Directions:
Please return the data word for word and leave out any picture it contains.

##### Source material

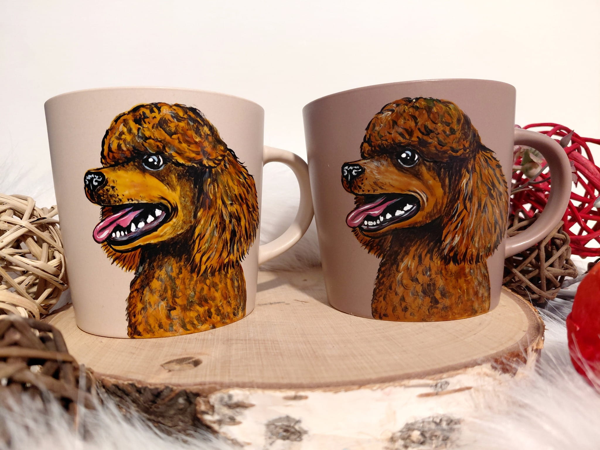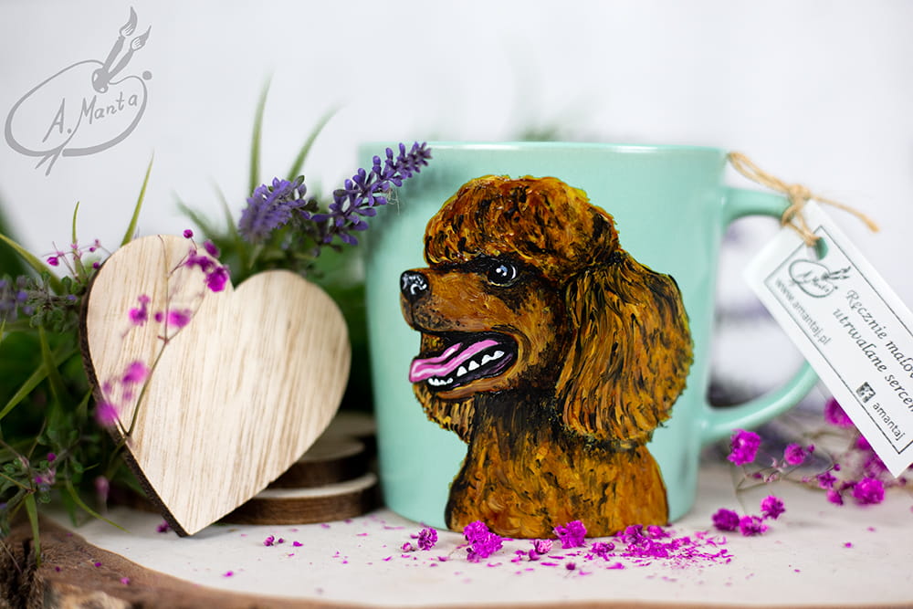 Wyjątkowy, ręcznie malowany kubek Pudel rudy
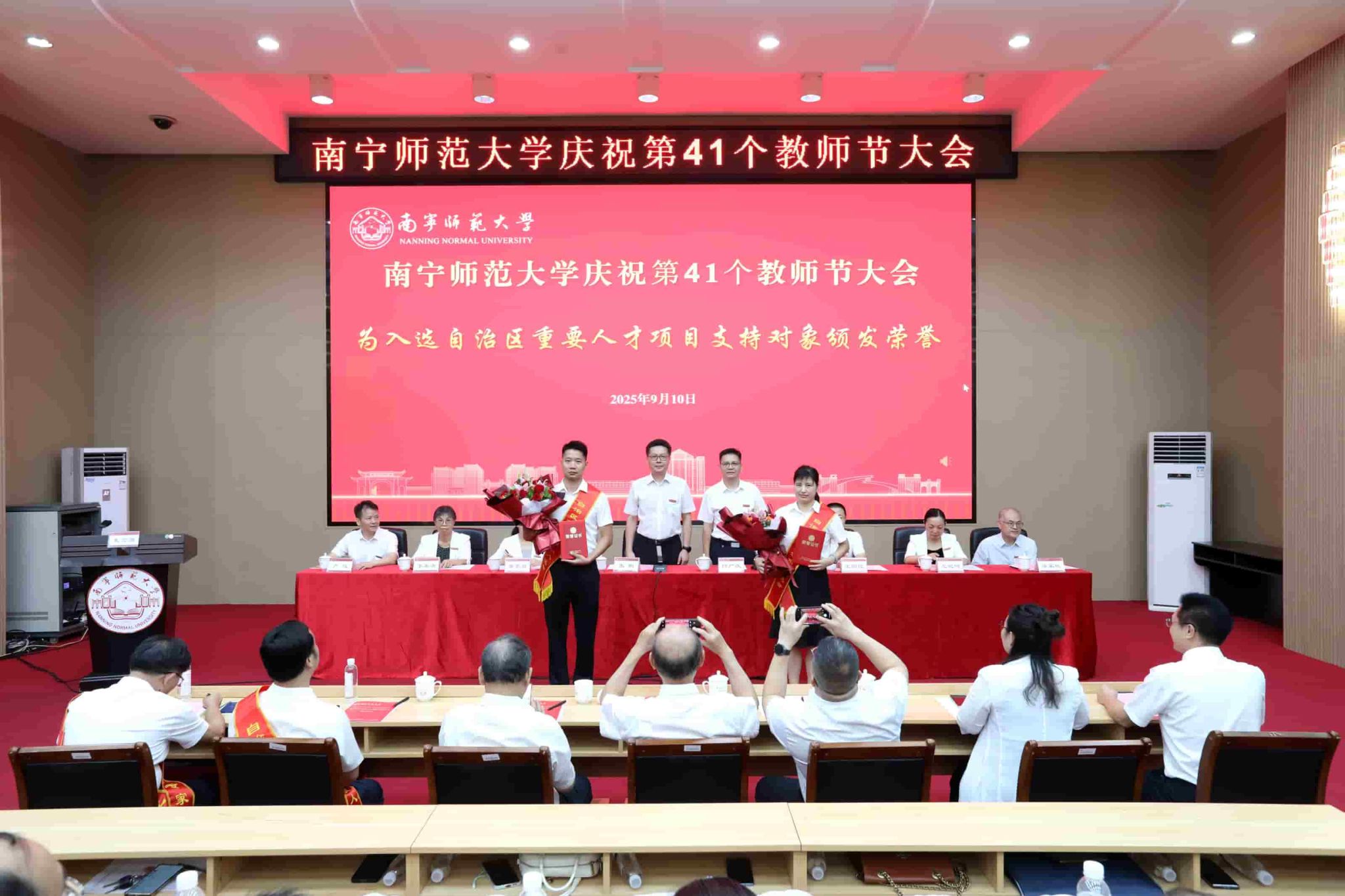 大会举行了教师光荣退休仪式、教龄满30年教师荣誉证书颁发仪式及新晋正高级专业技术职务聘任仪式,既致敬长期耕耘教育一线的老教师,也为学校教育事业发展注入新活力。在新教师入职仪式上,新教师代表向学校递交《师德承诺书》,校领导为其佩戴学校徽章,宣告着新教师正式在南宁师大这片教育热土上开启教育使命的新征程。
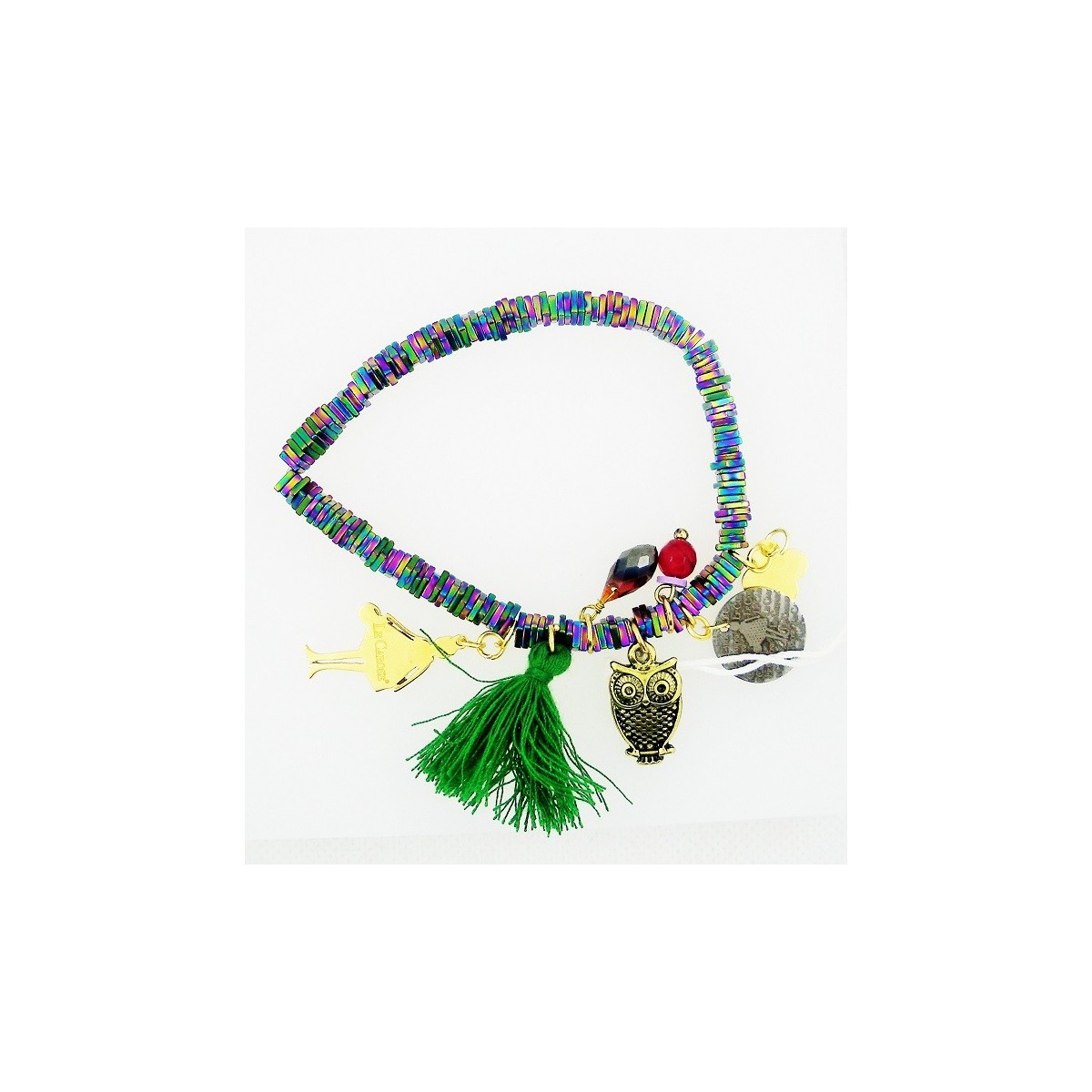 Die Carose von Toco Encanto Armband mit Metalleinsätze und gesteppt; Charms Anhänger. Multicolor grün. Viel Glück

##########

Your solution:
 Wyjątkowy, ręcznie malowany kubek Pudel rudy
 大会举行了教师光荣退休仪式、教龄满30年教师荣誉证书颁发仪式及新晋正高级专业技术职务聘任仪式,既致敬长期耕耘教育一线的老教师,也为学校教育事业发展注入新活力。在新教师入职仪式上,新教师代表向学校递交《师德承诺书》,校领导为其佩戴学校徽章,宣告着新教师正式在南宁师大这片教育热土上开启教育使命的新征程。
 Die Carose von Toco Encanto Armband mit Metalleinsätze und gesteppt; Charms Anhänger. Multicolor grün. Viel Glück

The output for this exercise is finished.